Juncker called for EU treasury to bolster up the Eurozone. He could imagine the creation of a European agency able to emit ‘Euro-bonds’. Of course Juncker knows very well that Germany would lose today’s advantages under such an arrangement because it enjoys a higher level of confidence than that of other member states in the Eurozone. But in Juncker’s view, this would not be the case after two or three years[8].
Evaluation of EU’s performance in the financial crisis so far
The role of the European Commission in the present financial crisis was criticised in Luxembourg, with the European Commission reacting too slow and timid. The 200-billion Euro package proposed by the President of the European Commission José Manuel Barroso to relaunch the European economy was not accepted by everybody. Juncker called it a guideline.[9] Not every member state can really spend 1.5 percent of its Gross Domestic Product. Some will spend less. For Luxembourg’s Communist newspaper “Zeitung vum Lëtzebuerger Vollek”, those 200 billion Euros are merely taxpayers’ gifts to the big European corporations.[10] Even the independent newspaper “Quotidien” reflects a far-spread opinion: “The Barroso relaunch plan is not ambitious enough”, whereas the Luxembourg-based European Investment Bank’s idea of a 31 billions loan on a two-years basis for 2009 and 2010 finds strong support.[11]
Shifts in the international power constellation expected?
The shifts in the international power constellation caused by financial and economic crises are difficult to predict. They may have serious consequences on the internal cohesion of the EU according to Jean-Claude Juncker, because the Southern states of Eurozone and Ireland cause problems. Differences in the interest rates suggested by the different member states of the Eurozone may well lead to internal tensions. Juncker has already called for the emission of ‘Euro-bonds’. The wages evolution and the fiscal policies of several Eurozone countries strive into opposite directions and cause rising problems to the European Central Bank.[12]

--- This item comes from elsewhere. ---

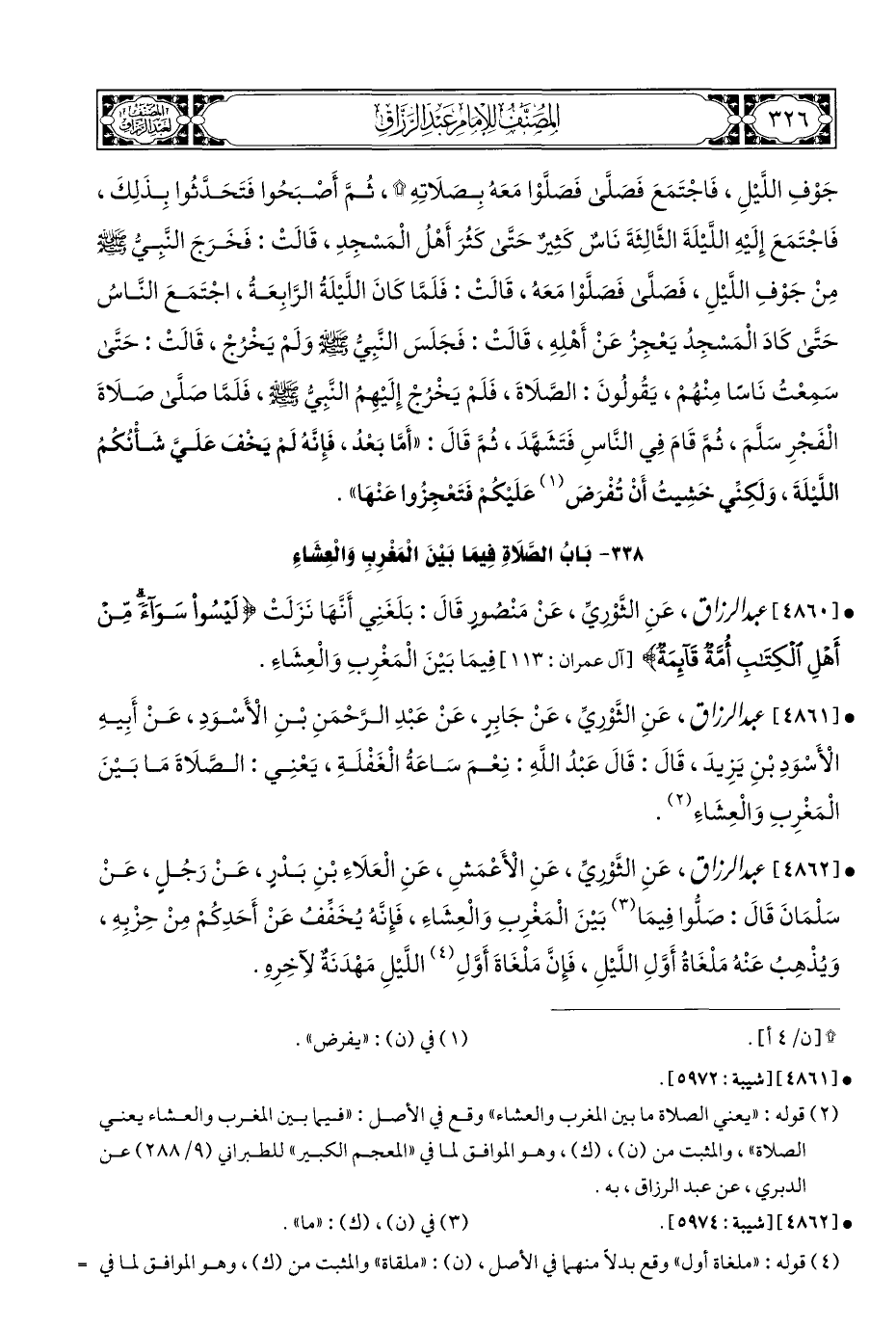 • [٤٨٦١] عبد الرزاق، عَنِ الثَّوْريِّ، عَنْ جَابِرٍ، عَنْ عَبْدِ الرَّحْمَنِ بْنِ الْأَسْودِ، عَنْ أَبِيهِ الْأَسْوَدِ بْنِ يَزِيدَ، قَالَ: قَالَ عَبْدُ اللهِ: نِعْمَ سَاعَةُ الْغَفْلَةِ، يَعْنِي: الصَّلَاةَ مَا بَيْنَ الْمَغْرِبِ وَالْعِشَاءِ (¬٢).

[1] Luxemburger Wort: EU–Gipfel im Zeichen der Finanzkrise, 11 December 2008.

[2] Dow Jones Newswires: Juncker on EU, 8 January 2009.

[3] Luxemburger Wort: Wirtschaftskrise dauert bis 2011, 10 December 2008.

[4] Juncker rejects Sarkozy’s “economic government” for Eurozone, 4 November 2008.

[5] Global Insight Daily Analysis: French government to hold Financial Summit after EU presidency, 20 November 2008.

[6] Deutschlandfunk: Luxembourg premier on German role in European economic stimulus plans, radio interview, 9 December 2008.

[7] Ibid.

[8] The Daily Telegraph: Luxembourg calls for EU treasury to bolster Euro zone, 5 January 2009.

[9] Luxemburger Wort: Prognose von Premierminister Juncker vor dem EU-Gipfel, 10 December 2008.

[10] Zeitung vum Lëtzebuerger Vollek: 1200 Milliarden Euro für die Konzerne de EU, 3 December 2008.

[11] Le Quotidien: Le plan de relance soutenu timidement, 3 December 2008.

[12] Süddeutsche Zeitung: Europa driftet auseinander, 21 January 2009.